Cosmos 8: Journeys in Space and Time

by Shane L. Larson

When I was a kid, I wanted to be one of four things when I grew up: an astronaut, Captain Kirk, Carl Sagan, or Indiana Jones. Now that I am (almost) grown up, it seems my chances of being an astronaut are limited by the slow pace of progress in space tourism, and as far as I know the Enterprise is not being constructed as we speak in some remote cornfield in Iowa. I’m still working on learning to communicate like Carl Sagan. What about Indiana Jones? Well, let’s see: Bullwhip? No (sigh).  Cool hat? Cool enough hat.  Professor?  Check!  Archaeologist, adventure fraught life?  Yep!

Wait, what? I’m an astronomer, not an archaeologist! Archaeology is the study of human activity in the past.
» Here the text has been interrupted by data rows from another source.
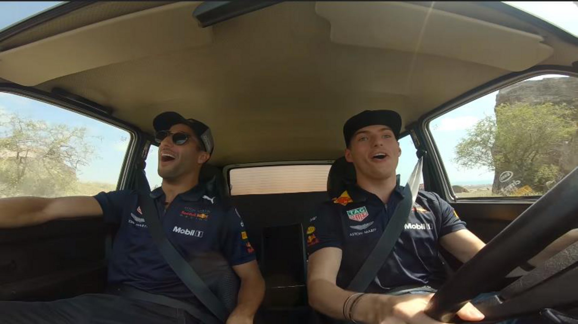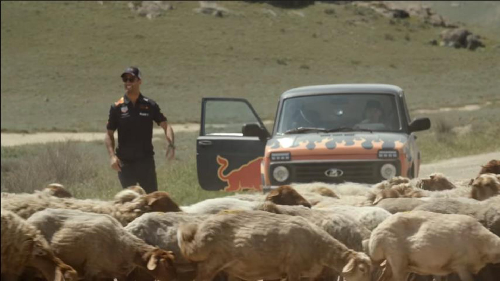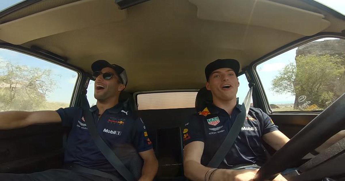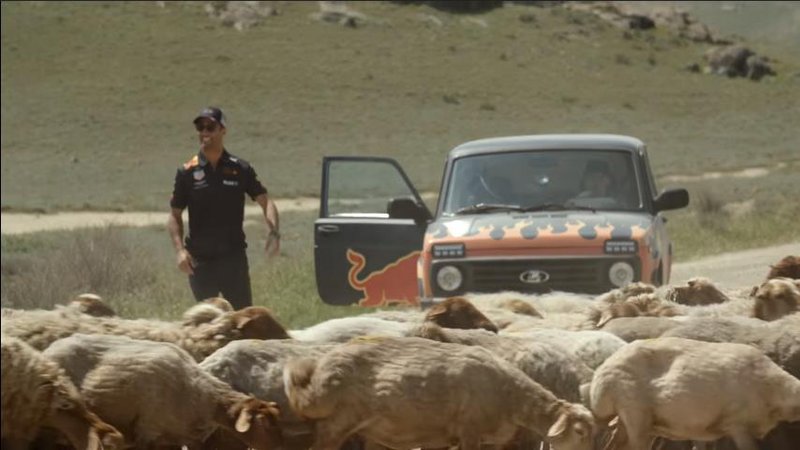 Όπως βλέπουμε στο video οδηγός είναι ο Verstappen και συνοδηγός ο Ricciardo και φαίνεται να το διασκεδάζουν αφάνταστα. Μάλιστα κάποια στιγμή ο Ricciardo αναγκάζεται να κατέβει κάτω από το Lada και να απομακρύνει από τον δρόμο κάποια πρόβατα για να προχωρήσουν.
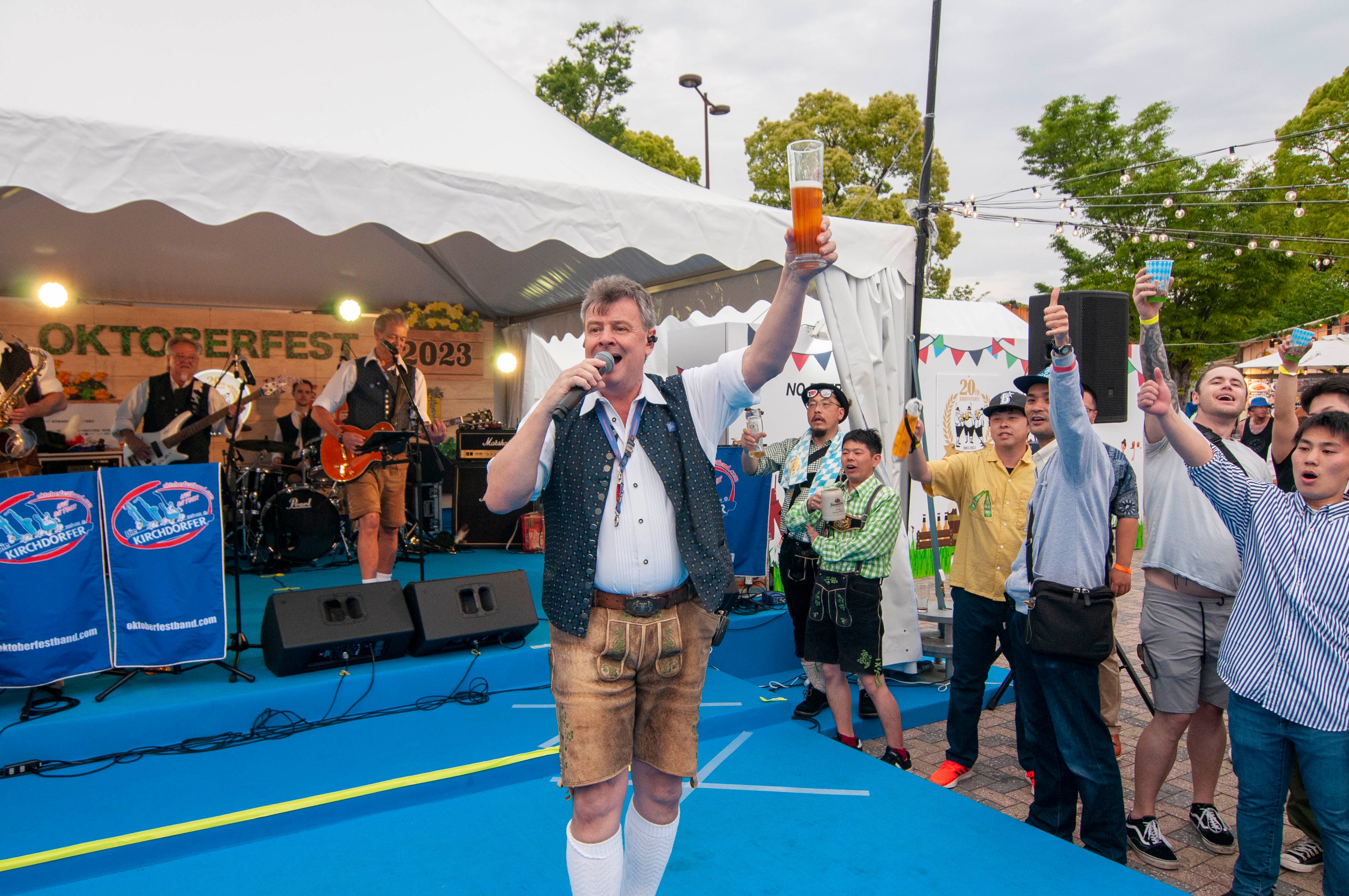 また、テントの中にあるステージでは本場ドイツのオクトーバーフェスト ハッカー・プショールの公式バンド「ディー・キルヒドルファー(Die Kirchdorfer)」の演奏を毎日開催!みんなでドイツの乾杯の歌「アイン・プロージット(Ein Prosit)」を歌えばビアテントの中のみんなと仲良くなれること間違いなし!
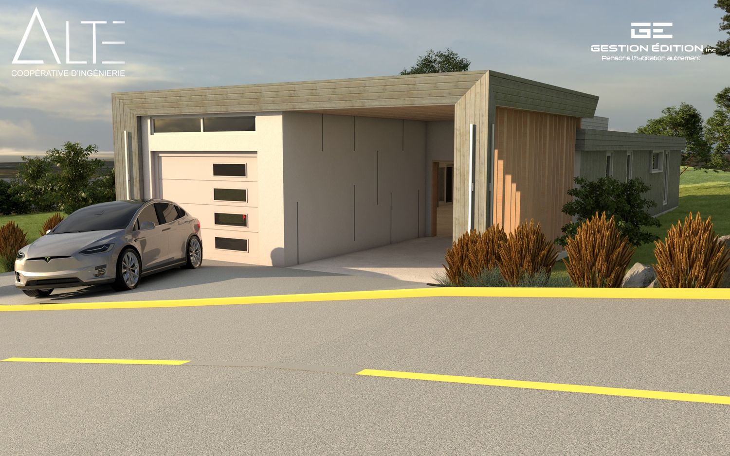 L’objectif de la première phase du mandat a été d’accompagner le client dans la réflexion globale du projet. ALTE a participé entre autres à la conception du bâtiment, réalisation des simulations énergétiques, conseiller sur l’utilisation de panneaux solaire et des systèmes mécaniques, réaliser une estimation des coûts de construction. À la suite de la réflexion globale du projet et détermination du résultat final, ALTE a réalisé des modélisations d’image de promotion pour l’entrepreneur. Nous avons ensuite continué avec la deuxième phase du projet.
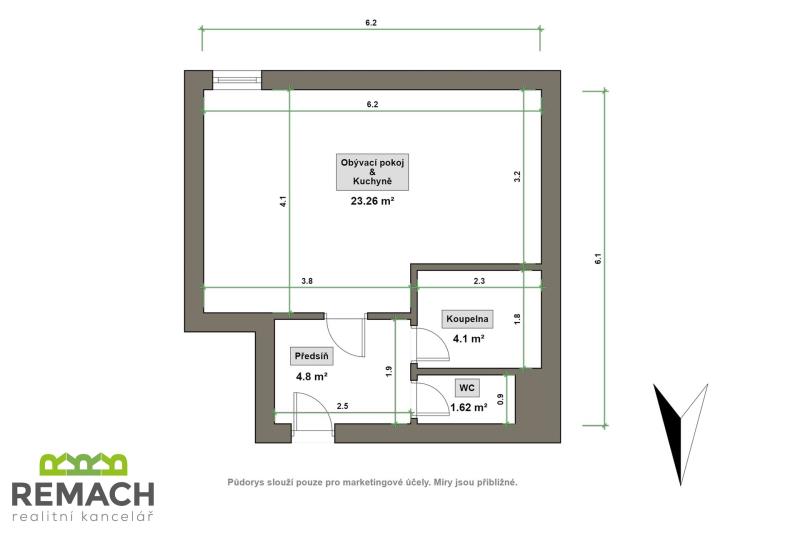 K pronájmu, Byt 1+1, 32 m2 Zlechov
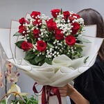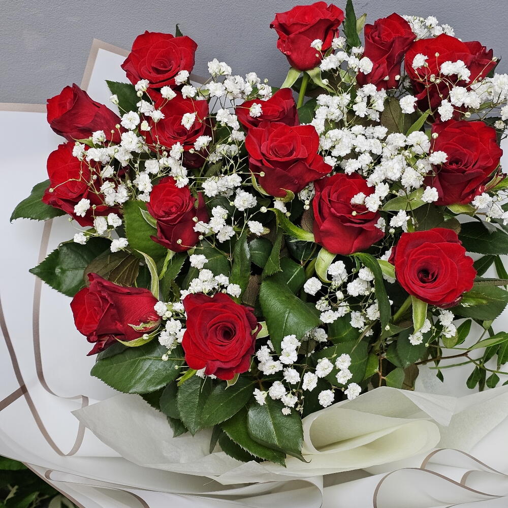 Изящный монобукет станет отличным подарком для любого особенного случая. Букет состоит из 2 пышных гипсофил и 15 роскошных роз высотой 50 см каждая. Упакован в стильную дизайнерскую обертку, подчеркивающую изысканность и благородство композиции. Этот букет будет оценен не только ценителями классических цветочных ансамблей, но и истинными гурманами из мира флористики.

In a very similar way, astronomy is the study of the Cosmic past, not entirely limited to the human perspective. (So basically, astronomy and archaeology are the same; that is to say, me and Indiana Jones, we’re the same!)

My childhood ambitions, left to right: (1) astronaut [this is Heidemarie Steefanyshyn-Piper on STS115], (2) Captain Kirk, (3) Carl Sagan, (4) Indiana Jones

Archaeology is often described primarily as being conducted through the study of artifacts. Astronomy also sometimes relies on artifacts (such as meteorites), but more often than not astronomy is about images captured by telescopes. But herein lies a fundamental difference between archaeology and astronomy: archaeology is about the interpretation of artifacts in an attempt to understand the past, whereas astronomy is a direct observation of the past. The light we see from the Cosmos beyond the shores of the Earth takes time to make the journey across the deeps of space.  At the moment we detect the light from some remote shoal of stars, the image we see is a snapshot taken millions of years before, when the light left its point of origin.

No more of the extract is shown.